Electric current of over 150000 amperes and approximately four volts per cell are needed. This is a highly energy-intensive process requiring up to about 15 kilowatt hours per kilogram of aluminum produced, which is about 54 megajoules of energy needed for one kilogram of aluminum. Scientists are, however, investigating ways to make this process more efficient. Now it’s time to practice.

Which of the following is not a reason why cryolite is part of a multielectrolyte in the extraction of aluminum? (A) Cryolite increases the amount of electricity used. (B) Cryolite reduces the temperature at which the aluminum melts. (C) Cryolite increases the conductivity of the electrolyte. (D) Cryolite provides sodium ions which help to carry the electric current. Or (E) cryolite reduces the working temperature of the electrolytic cell.

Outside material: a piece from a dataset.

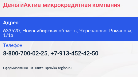 ДеньгиАктив, микрокредитная компания по адресу 633520, Новосибирская область, Черепаново, Романова, 1/1а в дальнейшем Организация, размещена в следующих категориях: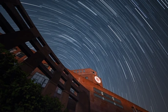 在城市光污染严重的地区,规划多日,总算等到了一个晴朗无云的夜晚,为了使光污染的程度最小,选择在后半夜人造光源大量熄灭后拍摄,在寒冷漆黑的角落蹲守两个小时,一共拍摄128张,汇聚成这一张绚烂的星轨,美丽无比!

The extraction of aluminum is a two-step process. First, alumina is extracted from bauxite ore in the Bayer process. Then, pure aluminum metal is extracted from alumina in the Hall–Héroult process. This is an electrolytic process. Electrolysis is a chemical process where electricity is passed through an electrolyte, causing it to decompose into its constituent elements. The question asks us about a molten electrolyte, so we know we are looking at the electrolysis process. In the Hall–Héroult electrolytic cell, we have a carbon cathode and a carbon anode.

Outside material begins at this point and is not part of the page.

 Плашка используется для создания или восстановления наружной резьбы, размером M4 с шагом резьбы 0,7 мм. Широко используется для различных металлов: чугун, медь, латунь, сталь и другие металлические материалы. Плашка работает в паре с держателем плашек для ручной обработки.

Electricity is passed through an electrolyte containing aluminum ions, which gain electrons from the cathode, are reduced to aluminum metal. And this liquid aluminum metal sinks to the bottom of the cell and can be collected through an outlet where it is then cast into blocks. If the electrolyte was only composed of molten alumina, in other words, liquid aluminum oxide, then solid alumina would need to be heated to its melting point, which is over 2000 degrees Celsius. This requires a lot of energy. So instead, cryolite, which is a sodium aluminum fluoride compound, is mixed with a solid alumina. Cryolite has a lower melting point than aluminum oxide and acts as a solvent to create an electrolyte mixture of molten cryolite and alumina.

This mixture melts at about 900 degrees Celsius instead of over 2000 degrees Celsius, as in the case of pure alumina. Less energy or less electricity is therefore used. This decreases production costs. The question asked which of the following is not a reason why cryolite is used. Option (A), cryolite increases the amount of electricity used, is not a reason why cryolite is used. Cryolite is used to decrease the amount of electricity needed.

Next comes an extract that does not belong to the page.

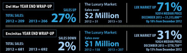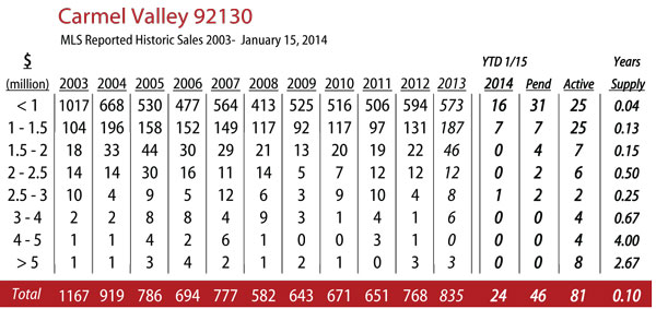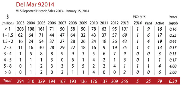 Click here for Del Mar  historical sales compared by price range 2003- 2013  < $1 million,  $1 – $2 million, > $2 million

The remaining four answer options are reasons why cryolite is added. Cryolite does reduce the temperature at which the aluminum melts. It does increase the conductivity of the electrolyte. It does provide sodium ions that help to carry the electric current. And it does reduce the working temperature of the electrolytic cell. Finally, “which of the following is not a reason why cryolite is part of a molten electrolyte in the extraction of aluminum?” The answer is cryolite increases the amount of electricity used.

Here are the key points we have learned about aluminum extraction. Aluminum is economically important and has many useful applications. Bauxite is the most common aluminum ore. Electrolysis must be used to extract aluminum from its ore, since aluminum is more reactive than carbon. Cryolite is used to decrease the temperature at which aluminum melts. And this in turn saves energy and decreases production costs. And finally, Al3+ ions in molten alumina are reduced to aluminum metal by gaining electrons.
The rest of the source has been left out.